The throne disintegrates beneath him as the Force swells and crashes inward, not like fire, but folding . Space curls. Time snaps.

He reaches out instinctively, but there is no control here. No will to impose. The Force drags him like a current. Back, down, through .

Everything explodes into light.

He gasps.

There is no heat. No stone. No fire.

Only sunlight.

He’s standing on durasteel. The air smells like clean fuel and Naboo blossom.

A voice cuts through the haze, too familiar. Too near.

“Anakin, are you even listening to me?”

He turns.

Obi-Wan is standing beside him, arms folded, a half-smile threatening to bloom beneath his practiced frown. His Jedi robes are sharp and clean. The soft gold of a Naboo morning light catches in the copper of his beard.

Anakin looks down at his own hands.

One flesh, the other mechanical with golden parts. He hasn’t seen this hand is a long, long time. What has happened? Is this a dream?

He looks up.

Obi-Wan is still watching him. His eyes are narrowed, but not unfriendly. He is patiently waiting for Anakin to say something. Anything. 

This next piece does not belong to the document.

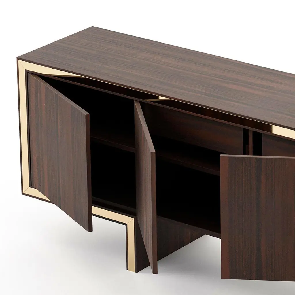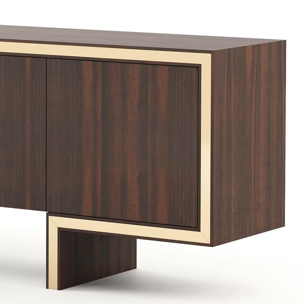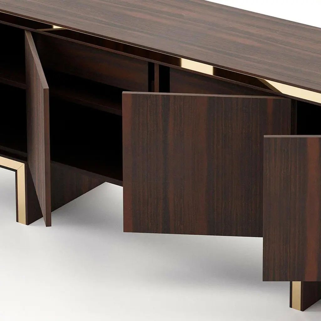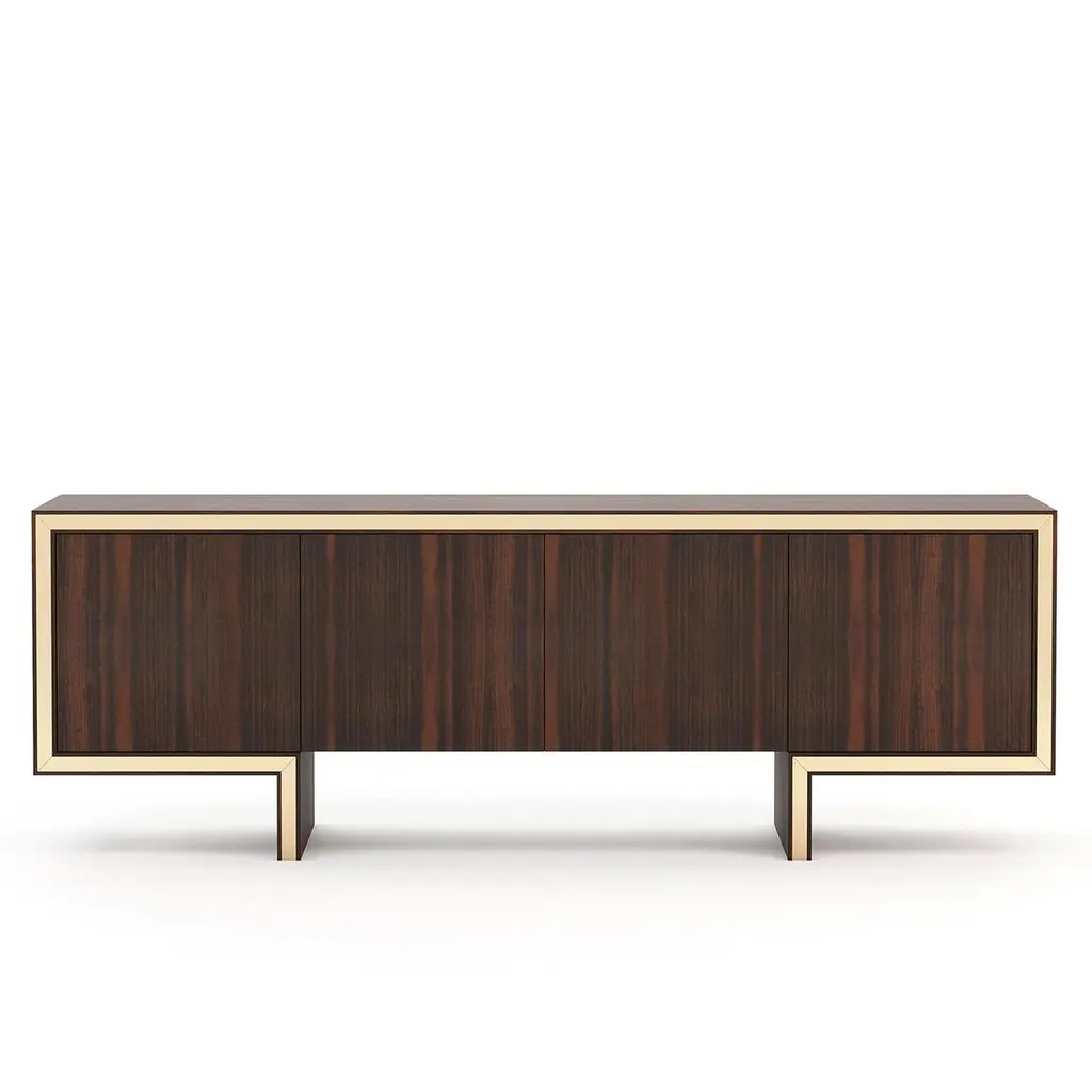 Sideboard Andora with structure in eucalyptus woodveneer in matte finish, with 4 doors and with 1 shelf on each part. With polished stainless steel trim in gold finish.Also available in ebony glossy, or in grey eucalyptus glossyor matte, or in old-aged oak matte, or in eucalyptus smockedglossy, or in oak smocked matte or in walnut glossy or matte,or in ash black matte, or in natural oak finish, on request.Also available on request in L200xD50xH83cm.

Anakin swallows. The air is too thin. There’s a mirror next to him. When turning to look at himself, the crowfeet by his eyes are gone, the creases on his forehead are smaller. His eyes are bright and blue. 

He’s back in the body of his Jedi self. Before the Fall. Before Palpatine destroyed the Jedi order. 

And he remembers everything .

The worst part? Obi-Wan’s face carries the same smile that’s haunted him for years.